_What to produce_
All of the data goes into your copy exactly as written. Images do not.

_Recorded information_
::::::::

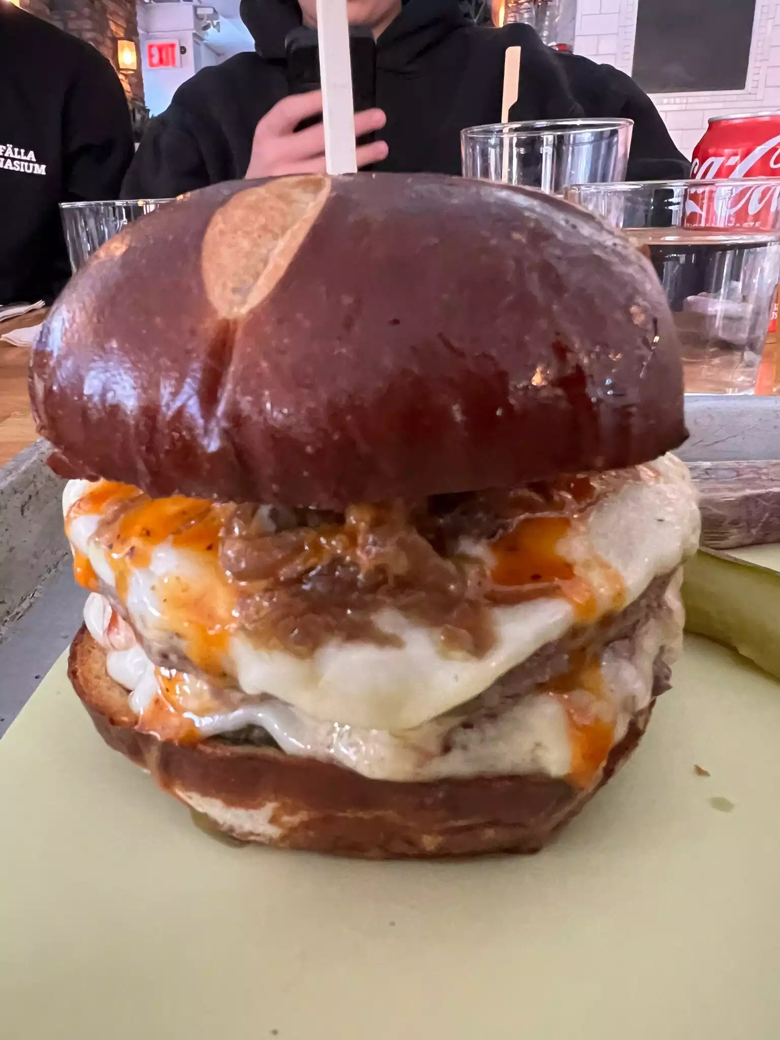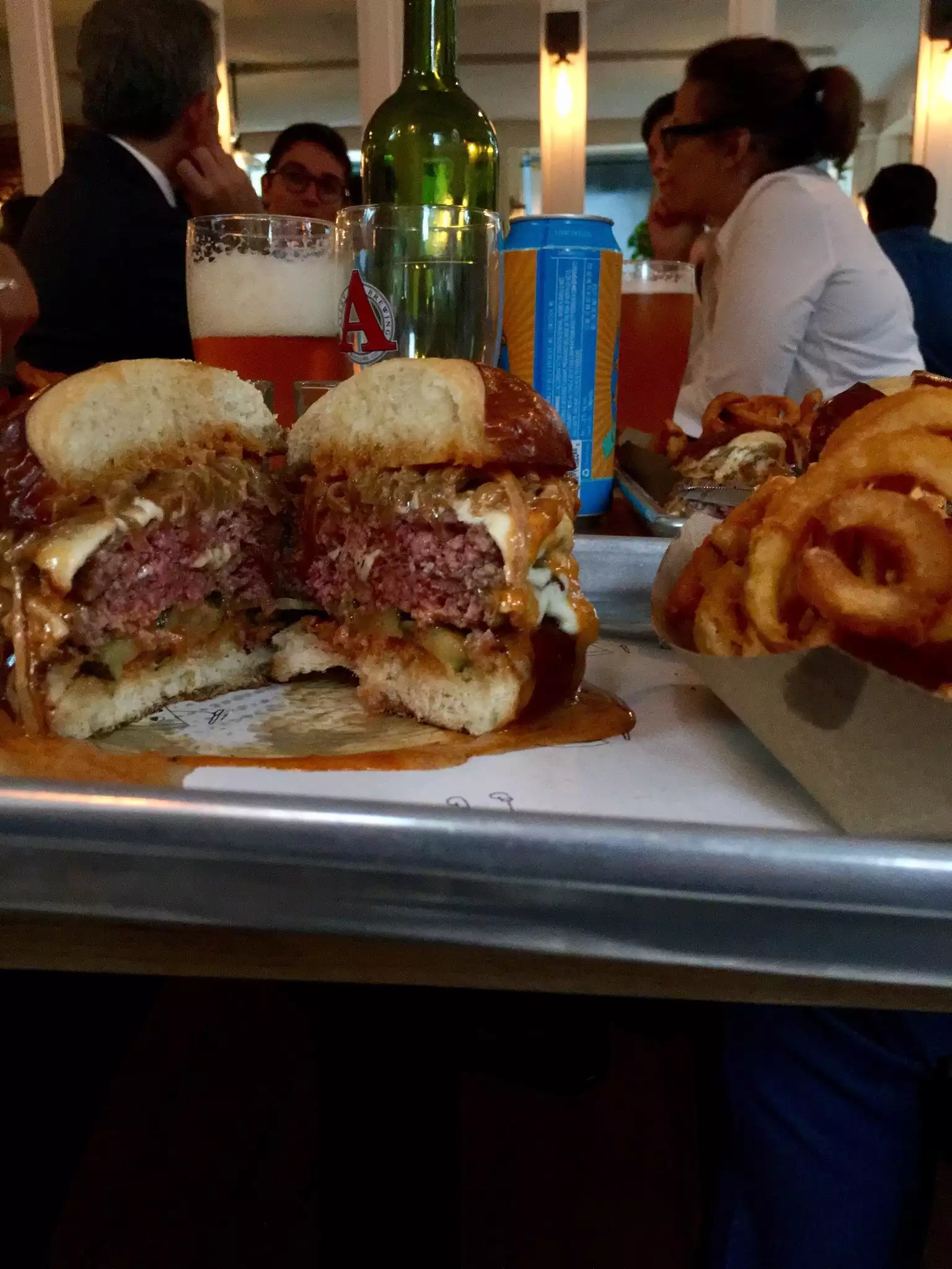 Simple restaurant with basic decor and atmosphere. We came mainly to try their famous burger and we were not disappointed at all. dry-aged patty covered in year-old Vermont cheddar and caramelized onions and served on a pretzel bun. Something that “shouldn’t work, but it does. light. The secret is in the sauce Surprisingly light. We also tried the pizza which was ask great.
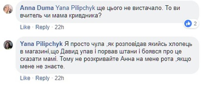 Местные СМИ также попытались разобраться в ситуации. Журналист газеты "Вечерние Черкассы" Сергей Радченко написал на Facebook, что "2 октября в больницу приходил отец одного из мальчиков, на которых указал Давид. Угрожал расправой подруге матери, чтобы та не распространяла неправдивую информацию".
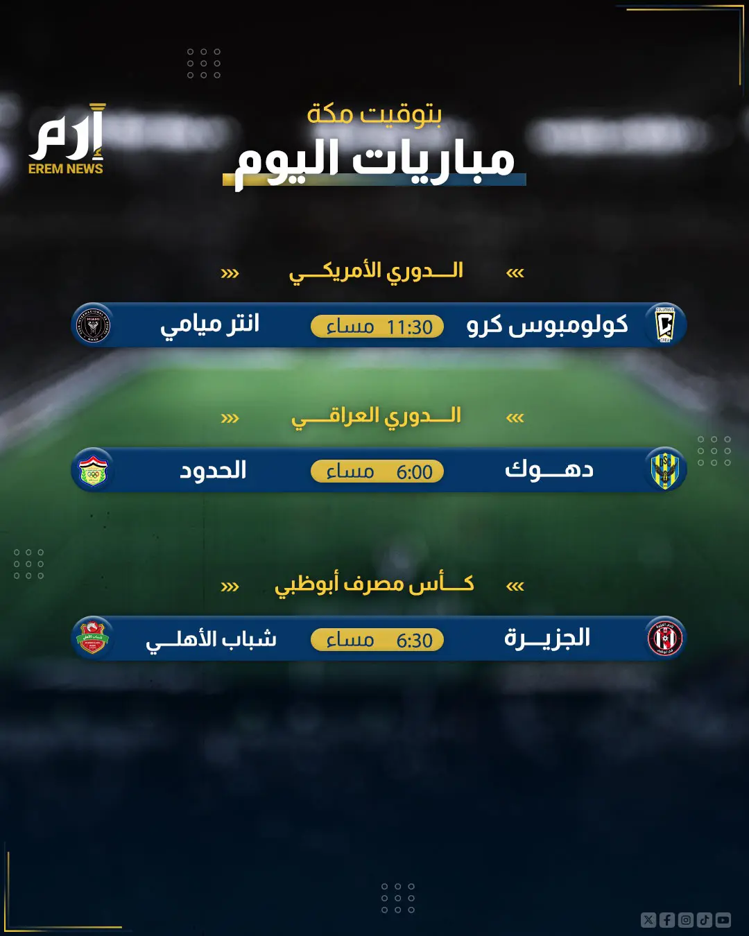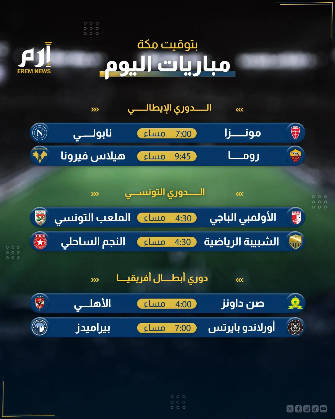 وفيما يلي مواعيد أبزر مباريات اليوم السبت 19 أبريل 2025 بتوقيت مكة المكرمة والقنوات الناقلة:
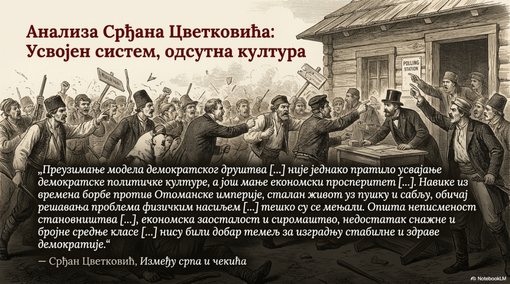 Оштре династичке сукобе Обреновића и Карађорђевића пратиле су чистке, прогони и пребијања а неретко и убиства политичких противника. Од шесторице владара у XIX веку, тројица су убијена (Карађорђе, Михаило и Александар Обреновић), док ниједан није легално завршио своју владавину. Преузимање модела демократског друштва у последњој четвртини XIX века и релативно рани настанак политичких странака није једнако пратило усвајање демократске политичке културе, а још мање економски просперитет и културна еманципација друштва. Навике из времена борбе против Отоманске империје, сталан живот уз пушку и сабљу, обичај решавања проблема физичким насиљем и обрачуном са политичким неистомишљеником тешко су се мењали. Општа неписменост становништва (више од 80% живело на селу од пољопривреде), економска заосталост и сиромаштво, недостатак снажне и бројне средње класе грађанства нису били добар темељ за изградњу стабилне и здраве демократије. Поједини окрузи у Србији су још увек крајем тог века имали озбиљне проблеме са хајдучијом. Политички систем је био усвојен, а друштвени предуслови за демократизацију друштва били су далеко од испуњења што се није битније променило ни до Другог светског рата.“

::::::::

_Problem solution_
 Simple restaurant with basic decor and atmosphere. We came mainly to try their famous burger and we were not disappointed at all. dry-aged patty covered in year-old Vermont cheddar and caramelized onions and served on a pretzel bun. Something that “shouldn’t work, but it does. light. The secret is in the sauce Surprisingly light. We also tried the pizza which was ask great.
 Местные СМИ также попытались разобраться в ситуации. Журналист газеты "Вечерние Черкассы" Сергей Радченко написал на Facebook, что "2 октября в больницу приходил отец одного из мальчиков, на которых указал Давид. Угрожал расправой подруге матери, чтобы та не распространяла неправдивую информацию".
 وفيما يلي مواعيد أبزر مباريات اليوم السبت 19 أبريل 2025 بتوقيت مكة المكرمة والقنوات الناقلة:
 Оштре династичке сукобе Обреновића и Карађорђевића пратиле су чистке, прогони и пребијања а неретко и убиства политичких противника. Од шесторице владара у XIX веку, тројица су убијена (Карађорђе, Михаило и Александар Обреновић), док ниједан није легално завршио своју владавину. Преузимање модела демократског друштва у последњој четвртини XIX века и релативно рани настанак политичких странака није једнако пратило усвајање демократске политичке културе, а још мање економски просперитет и културна еманципација друштва. Навике из времена борбе против Отоманске империје, сталан живот уз пушку и сабљу, обичај решавања проблема физичким насиљем и обрачуном са политичким неистомишљеником тешко су се мењали. Општа неписменост становништва (више од 80% живело на селу од пољопривреде), економска заосталост и сиромаштво, недостатак снажне и бројне средње класе грађанства нису били добар темељ за изградњу стабилне и здраве демократије. Поједини окрузи у Србији су још увек крајем тог века имали озбиљне проблеме са хајдучијом. Политички систем је био усвојен, а друштвени предуслови за демократизацију друштва били су далеко од испуњења што се није битније променило ни до Другог светског рата.“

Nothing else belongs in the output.